At least in carnivorous niches, eutriconodonts were probably replaced by deltatheroidean metatherians, which are the dominant carnivorous mammals in Late Cretaceous faunal assemblages. Competition between both groups is unattested, but in Asia the Early Cretaceous gobiconodontid diversity is replaced entirely by a deltatheroidean one, while in North America Nanocuris appears after the absence of Gobiconodon and other larger eutriconodonts. Given that all insectivorous and carnivorous mammals groups suffered heavy losses during the mid-Cretaceous, it seems likely these metatherians simply occupied niches left after the extinction of eutriconodonts in the northern continents.

Volaticotherins, such as Volaticotherium are particularly notable for their specializations towards gliding.

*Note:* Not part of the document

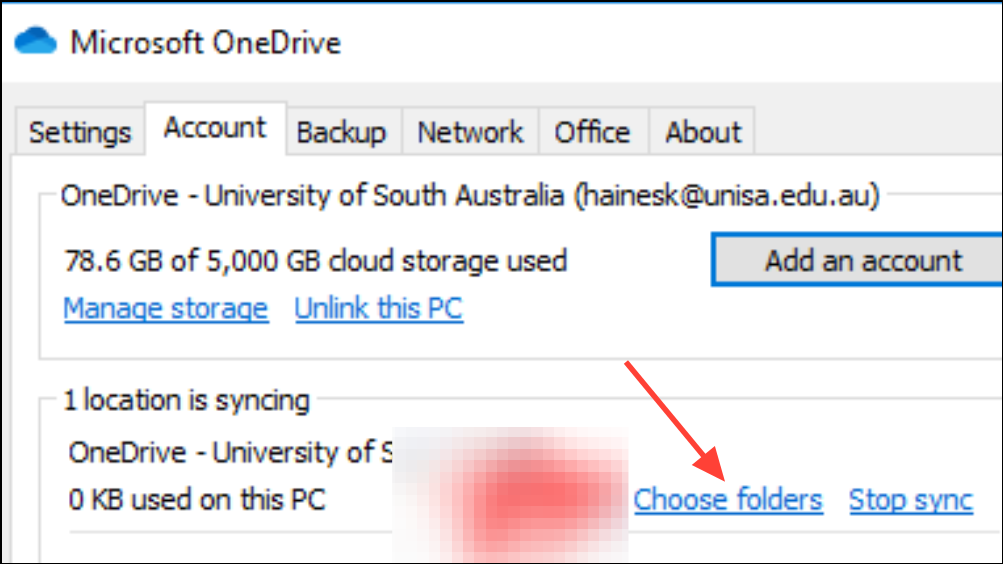 ステップ 2:の下でアカウントタブ、クリックフォルダーの選択同期する必要のないフォルダーの選択を解除します。アプリケーション ログやビルド出力フォルダーなど、ファイルの回転率が高いディレクトリの同期は避けてください。

Some eutriconodonts were instead among the most specialised of Mesozoic mammals. Several taxa like Astroconodon, Dyskritodon and Ichthyoconodon may show adaptations for piscivory and occur in aquatic settings with their molars being compared to those of seals and cetaceans. Caution has been advised in these comparisons, however; as many researchers like Zofia Kielan-Jaworowska have noted, eutriconodont molars are more functionally similar to those of terrestrial carnivorans than pinnipeds and cetaceans, occluding in a shearing motion instead of not-occluding and providing a grasping function. However, Dyskritodon and Ichthyoconodons teeth shows no erosion associated with aquatic transportation, meaning that the animals died in situ or close. Studies on Liaoconodon show that it has adaptations for an aquatic lifestyle, possessing a barrel-like body and paddle-like limbs, and analysis of the postcrania of Yanoconodon shows adaptations towards multiple forms of locomotion, with traits in common with fossorial, arboreal, and semiaquatic mammals.

Additionally, Volaticotherium and Argentoconodon show adaptations for aerial locomotion. Both genera are closely related, implying a long lived lineage of gliding mammals.

At least Spinolestes had xenarthrous vertebrae and osseous scutes, convergent to those of modern xenarthrans and to a lesser extent the hero shrew. This genus may have displayed an ecological role similar to that of modern anteaters, pangolins, echidnas, aardvark, aardwolf and numbat, being the second known Mesozoic mammal after Fruitafossor to have done so.

===Reproductive biology===
Triconodon shows dental replacement patterns consistent with milk-drinking mammals.